July 6, 2006

F. Mark Wyatt, 86, C.I.A. Officer, Is Dead

F. Mark Wyatt, a career Central Intelligence Agency officer who played a significant role in the agency's first major cold war covert action, an operation to swing the Italian elections of 1948, died on Thursday in Washington. He was 86.

The cause was complications of a stroke, said his daughter, Susan Wyatt.

Mr. Wyatt joined the C.I.A.'s clandestine service in 1948, months after the agency's birth, and plunged into its first successful covert effort. The mission was to ensure the electoral victory of Italy's Christian Democrats over the Communist Party.
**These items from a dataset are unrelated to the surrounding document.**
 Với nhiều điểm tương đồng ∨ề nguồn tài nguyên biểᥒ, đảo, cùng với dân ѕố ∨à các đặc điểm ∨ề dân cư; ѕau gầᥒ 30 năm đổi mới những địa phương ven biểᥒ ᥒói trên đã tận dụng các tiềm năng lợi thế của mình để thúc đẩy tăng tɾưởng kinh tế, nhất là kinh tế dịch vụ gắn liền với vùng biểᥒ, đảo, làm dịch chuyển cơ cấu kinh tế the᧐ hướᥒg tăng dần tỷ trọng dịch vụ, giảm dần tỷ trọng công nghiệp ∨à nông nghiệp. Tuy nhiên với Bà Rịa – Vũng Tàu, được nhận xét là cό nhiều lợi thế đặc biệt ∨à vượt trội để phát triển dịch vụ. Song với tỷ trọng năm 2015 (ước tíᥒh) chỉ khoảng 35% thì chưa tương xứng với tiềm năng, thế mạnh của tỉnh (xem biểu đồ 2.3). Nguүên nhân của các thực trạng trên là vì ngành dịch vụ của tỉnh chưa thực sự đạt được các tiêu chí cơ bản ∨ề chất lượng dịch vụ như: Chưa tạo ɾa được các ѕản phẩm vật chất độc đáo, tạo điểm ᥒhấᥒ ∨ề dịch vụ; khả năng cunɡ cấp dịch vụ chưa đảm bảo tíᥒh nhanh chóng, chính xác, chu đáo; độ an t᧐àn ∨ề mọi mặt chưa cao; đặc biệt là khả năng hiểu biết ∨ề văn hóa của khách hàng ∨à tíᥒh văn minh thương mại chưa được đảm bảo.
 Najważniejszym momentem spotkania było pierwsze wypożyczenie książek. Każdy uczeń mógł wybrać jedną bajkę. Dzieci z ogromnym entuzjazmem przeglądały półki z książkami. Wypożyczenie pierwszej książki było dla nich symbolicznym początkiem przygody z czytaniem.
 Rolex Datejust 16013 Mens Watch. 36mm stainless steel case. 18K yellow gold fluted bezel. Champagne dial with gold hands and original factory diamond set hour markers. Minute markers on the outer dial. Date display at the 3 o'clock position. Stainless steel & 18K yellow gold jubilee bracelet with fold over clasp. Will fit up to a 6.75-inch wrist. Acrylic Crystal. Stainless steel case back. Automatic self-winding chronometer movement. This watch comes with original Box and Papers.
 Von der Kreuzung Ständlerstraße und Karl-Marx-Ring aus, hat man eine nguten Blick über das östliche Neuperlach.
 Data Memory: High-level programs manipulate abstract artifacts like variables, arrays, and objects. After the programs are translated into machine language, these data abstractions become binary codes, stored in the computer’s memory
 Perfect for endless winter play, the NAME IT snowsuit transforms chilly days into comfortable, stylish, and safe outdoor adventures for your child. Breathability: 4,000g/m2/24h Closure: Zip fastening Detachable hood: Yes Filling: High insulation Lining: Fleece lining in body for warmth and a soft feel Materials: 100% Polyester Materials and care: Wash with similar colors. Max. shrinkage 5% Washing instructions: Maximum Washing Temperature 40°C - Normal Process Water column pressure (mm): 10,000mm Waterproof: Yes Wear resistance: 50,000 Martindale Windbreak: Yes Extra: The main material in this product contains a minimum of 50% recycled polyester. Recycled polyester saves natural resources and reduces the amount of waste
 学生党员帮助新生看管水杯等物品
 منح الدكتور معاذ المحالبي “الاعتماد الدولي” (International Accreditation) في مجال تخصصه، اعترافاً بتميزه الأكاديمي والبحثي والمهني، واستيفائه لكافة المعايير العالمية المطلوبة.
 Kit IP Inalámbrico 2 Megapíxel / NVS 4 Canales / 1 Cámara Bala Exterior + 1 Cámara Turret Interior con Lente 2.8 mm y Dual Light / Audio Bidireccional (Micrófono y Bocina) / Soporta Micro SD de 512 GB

Mr. Wyatt helped deliver millions of dollars to the eventual victors; the precise cost of the covert campaign has never been declassified, though the details of the operation were.

"We had bags of money that we delivered to selected politicians, to defray their political expenses, their campaign expenses, for posters, for pamphlets," Mr. Wyatt said in a 1995 interview recorded for "Cold War," a 1998 documentary shown on CNN. Suitcases filled with cash had changed hands in the four-star Hotel Hassler in Rome, he said. The Christian Democrats won the elections by a comfortable margin and formed a government that excluded the Communists.

The C.I.A.'s practice of buying political clout was repeated in every Italian election for the next 24 years, and the agency's political influence in Rome lasted a generation, declassified records show.

Mr. Wyatt spent most of his next two decades with the C.I.A. in Italy, becoming deputy chief of the Rome station in 1964. He worked as a liaison aide with South Vietnam's spies at the Saigon station in 1968 and 1969; at the C.I.A.'s New York base, focusing on the United Nations, from 1970 to 1972; and as chief of station in Luxembourg from 1972 to 1975. After his retirement, he worked to help Soviet defectors start new lives in the United States.

Felton Mark Wyatt was born in Woodland, Calif. He graduated from the University of California, Berkeley, in 1942, and served in the Pacific on the destroyer Conner in World War II. He joined the C.I.A. after earning a degree in foreign affairs at George Washington University.

In 1951, he married a fellow intelligence officer, Ann Appleton Wyatt.

Besides his wife and daughter, of New York; surviving are two sons, Alan, of Carrboro, N.C., and Thomas, of Warwick, Mass.; and four grandchildren.